This year, due to ongoing travel restrictions, I wasn’t able to attend the 2023 6th World Yijing Summit Forum in person. I’ve been to this conference twice before, both times in the Chinese city of Wuxi, and it has been both stimulating and fun. This year, although I was not able to be there in person, I was delighted to get an invitation to take part, so that I could participate again, even if from afar. And I’m delighted to say that my paper “Death, Life, Mourning, Nourishing” was awarded first prize.
The paper starts with the fable of Bede’s Sparrow as an image of life’s brevity. It is a persuasive fable, but I argue that it leads us astray, towards philosophical conclusions that are neither necessary nor helpful. So in this article, I trace four terms — death 死, life 生, mourning 衰, and nourishing 養 — through the text of the Yijing, and through later Chinese philosophy, to set out a different approach to some deep and enduring philosophical questions about life and death.

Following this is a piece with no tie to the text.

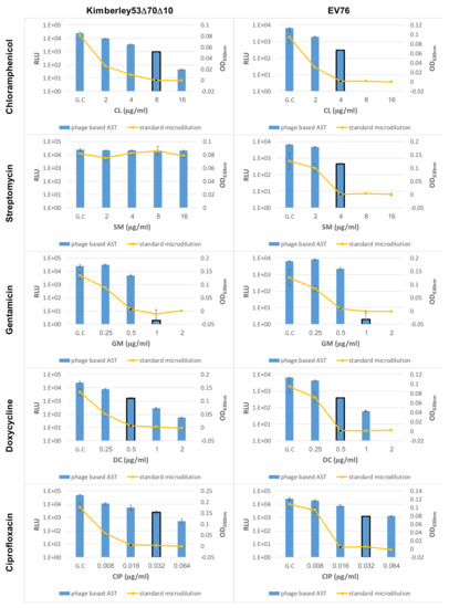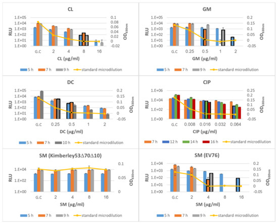 Optimization of the antibiotic exposure period for phage-based AST. Y. pestis strains Kimberley53Δ70Δ10 and EV76 were suspended in MHB to a concentration of ~5 × 105 CFU/mL and were tested simultaneously by phage-based and standard microdilution AST. Bacterial suspensions were divided into 96-well microplates (50 µL/well) already containing 50 µL of each of 5 different antibiotics—CL (chloramphenicol), SM (streptomycin), GM (gentamycin), DC (doxycycline), and CIP (ciprofloxacin)—at various concentration ranges (detailed in Table 2); the microplates were then incubated at 28 °C. For phage-based AST, exposure periods were as follows: CL, SM and GM were tested at 5, 7 and 9 h of exposure; DC was tested at 5, 7 and 10 h; and CIP was tested at 7, 12, 14 and 16 h. All antibiotics were tested using Kimberley53Δ70Δ10, and SM was also tested using EV76. Each graph displays the resulting bioluminescent signals (RLU; bars) of all exposure times and the OD630 values obtained in the standard microdilution tests (yellow curve) following 24 h of antibiotic exposure using one bacterial strain exposed to one antibiotic. MIC value obtained in the phage-based AST was determines as the minimal antibiotic concentration that showed a bioluminescent signal lower than 10% of the bioluminescent signal of the growth control. The MIC values obtained by phage-based AST are marked by a black frame around the relevant bar, and the MIC values obtained by the microdilution test are marked by a black dot. Values are the mean results of 3 wells in the same experiment (error bars represent the standard deviation). GC = Growth Control.

I may publish a version of the paper here in the next couple of months, once I have had a chance to tidy it up (and once I have got hold of the Chinese version of my paper as well). As for next year’s conference, I’m hoping I’ll be able to attend again in person, to catch up with some old friends, as well as to make new ones.
Image: 仙萼長春冊》紫藤稷穗圖 c.1730. Via Wikimedia Commons.